Available records >>
------

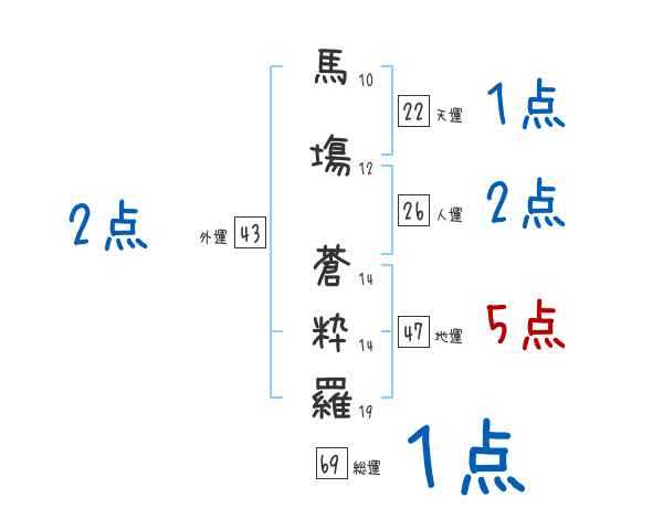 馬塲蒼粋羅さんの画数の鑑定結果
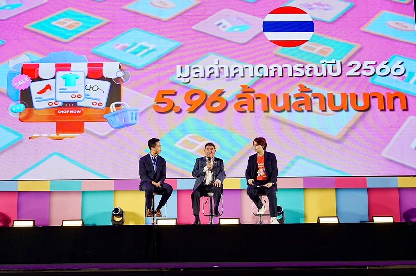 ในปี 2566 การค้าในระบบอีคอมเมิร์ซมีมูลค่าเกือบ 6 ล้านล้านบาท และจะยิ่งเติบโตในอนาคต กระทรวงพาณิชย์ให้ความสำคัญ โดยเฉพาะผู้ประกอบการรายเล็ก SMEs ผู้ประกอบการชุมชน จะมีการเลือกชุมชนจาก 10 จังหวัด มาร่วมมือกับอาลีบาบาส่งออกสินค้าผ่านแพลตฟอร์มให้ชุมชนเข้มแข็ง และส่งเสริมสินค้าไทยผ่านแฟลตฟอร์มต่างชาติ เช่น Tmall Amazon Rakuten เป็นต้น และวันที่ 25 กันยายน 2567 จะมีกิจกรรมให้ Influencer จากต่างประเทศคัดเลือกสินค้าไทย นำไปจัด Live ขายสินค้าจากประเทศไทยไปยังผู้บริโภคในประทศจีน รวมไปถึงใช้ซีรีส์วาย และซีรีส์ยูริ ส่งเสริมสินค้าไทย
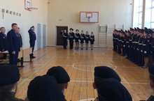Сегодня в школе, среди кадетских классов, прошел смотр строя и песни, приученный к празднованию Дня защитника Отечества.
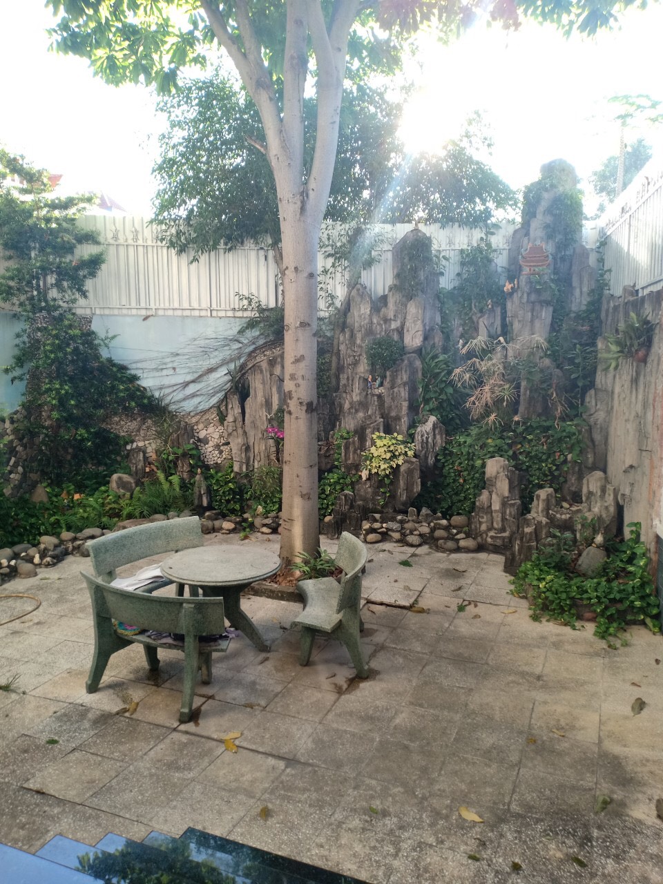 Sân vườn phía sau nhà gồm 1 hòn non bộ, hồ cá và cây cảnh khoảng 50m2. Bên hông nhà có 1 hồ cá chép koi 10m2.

------

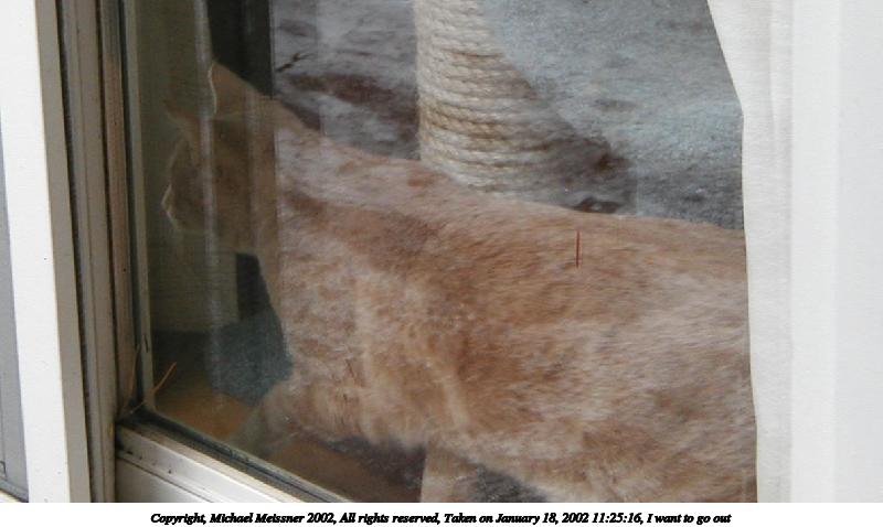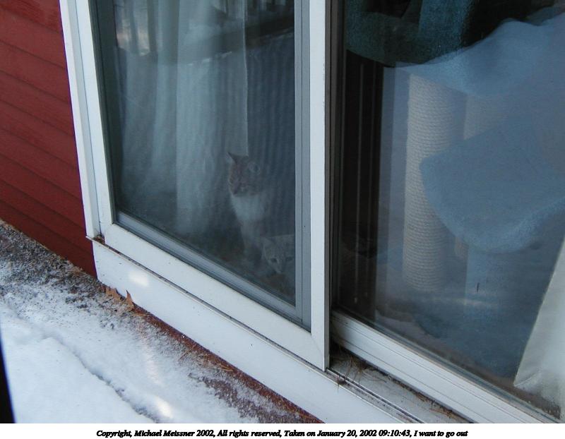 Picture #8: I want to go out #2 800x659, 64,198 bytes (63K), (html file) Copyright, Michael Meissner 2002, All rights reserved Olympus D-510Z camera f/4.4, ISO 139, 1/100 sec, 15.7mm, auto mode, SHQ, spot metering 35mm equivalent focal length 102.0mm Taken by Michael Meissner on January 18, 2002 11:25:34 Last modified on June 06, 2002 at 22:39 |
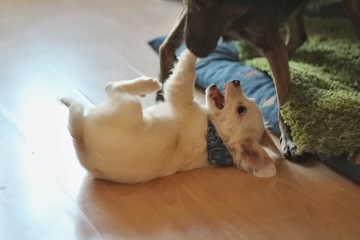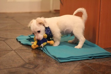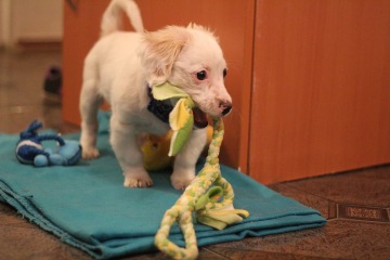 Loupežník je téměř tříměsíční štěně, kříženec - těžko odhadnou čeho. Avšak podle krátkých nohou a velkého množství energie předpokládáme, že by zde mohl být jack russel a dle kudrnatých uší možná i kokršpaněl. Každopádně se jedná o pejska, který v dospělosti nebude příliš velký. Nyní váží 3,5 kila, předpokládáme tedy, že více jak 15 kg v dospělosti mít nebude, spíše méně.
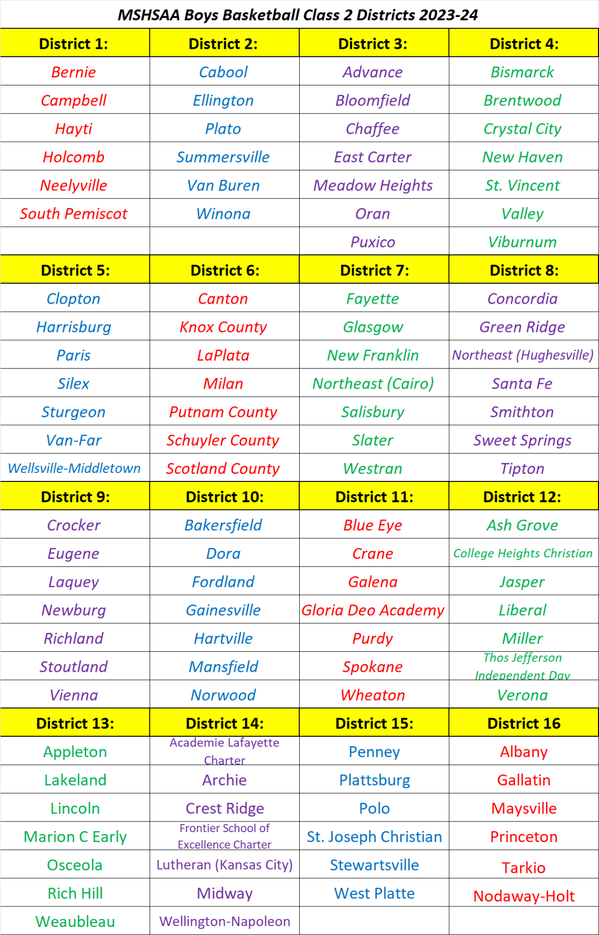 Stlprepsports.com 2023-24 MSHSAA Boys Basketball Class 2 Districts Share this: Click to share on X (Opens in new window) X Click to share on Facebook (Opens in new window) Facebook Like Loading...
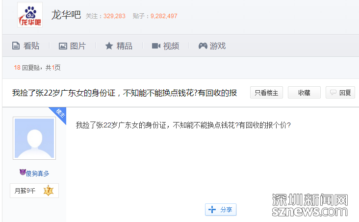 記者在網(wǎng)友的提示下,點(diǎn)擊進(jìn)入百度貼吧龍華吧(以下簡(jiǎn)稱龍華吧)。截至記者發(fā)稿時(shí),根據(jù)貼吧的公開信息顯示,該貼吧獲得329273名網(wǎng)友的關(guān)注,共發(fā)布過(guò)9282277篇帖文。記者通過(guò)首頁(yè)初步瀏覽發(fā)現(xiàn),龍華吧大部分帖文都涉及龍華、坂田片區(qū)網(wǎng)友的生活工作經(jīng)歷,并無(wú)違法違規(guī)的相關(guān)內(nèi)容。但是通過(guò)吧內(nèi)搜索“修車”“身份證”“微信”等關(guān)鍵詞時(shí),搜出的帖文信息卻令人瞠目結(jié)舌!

------

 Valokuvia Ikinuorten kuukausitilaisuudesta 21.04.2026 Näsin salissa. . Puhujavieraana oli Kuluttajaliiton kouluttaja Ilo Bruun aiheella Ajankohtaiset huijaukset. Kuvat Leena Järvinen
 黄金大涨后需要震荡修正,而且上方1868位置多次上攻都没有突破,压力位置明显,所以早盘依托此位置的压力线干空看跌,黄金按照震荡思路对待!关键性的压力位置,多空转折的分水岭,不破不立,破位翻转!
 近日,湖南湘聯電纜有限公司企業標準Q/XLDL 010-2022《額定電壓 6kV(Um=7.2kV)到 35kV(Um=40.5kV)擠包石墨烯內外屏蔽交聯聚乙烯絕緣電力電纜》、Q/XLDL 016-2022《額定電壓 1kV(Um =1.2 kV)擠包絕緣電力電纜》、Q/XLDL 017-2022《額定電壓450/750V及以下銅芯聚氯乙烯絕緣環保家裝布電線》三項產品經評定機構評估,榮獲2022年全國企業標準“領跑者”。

------

A clean copy is needed of the lines above from the one with "Stlprepsports.com 2023-24 MSHSAA" up to and including the one with "記者在網(wǎng)友的提示". Please set it down exactly, with no pictures.

 Stlprepsports.com 2023-24 MSHSAA Boys Basketball Class 2 Districts Share this: Click to share on X (Opens in new window) X Click to share on Facebook (Opens in new window) Facebook Like Loading...
 記者在網(wǎng)友的提示下,點(diǎn)擊進(jìn)入百度貼吧龍華吧(以下簡(jiǎn)稱龍華吧)。截至記者發(fā)稿時(shí),根據(jù)貼吧的公開信息顯示,該貼吧獲得329273名網(wǎng)友的關(guān)注,共發(fā)布過(guò)9282277篇帖文。記者通過(guò)首頁(yè)初步瀏覽發(fā)現(xiàn),龍華吧大部分帖文都涉及龍華、坂田片區(qū)網(wǎng)友的生活工作經(jīng)歷,并無(wú)違法違規(guī)的相關(guān)內(nèi)容。但是通過(guò)吧內(nèi)搜索“修車”“身份證”“微信”等關(guān)鍵詞時(shí),搜出的帖文信息卻令人瞠目結(jié)舌!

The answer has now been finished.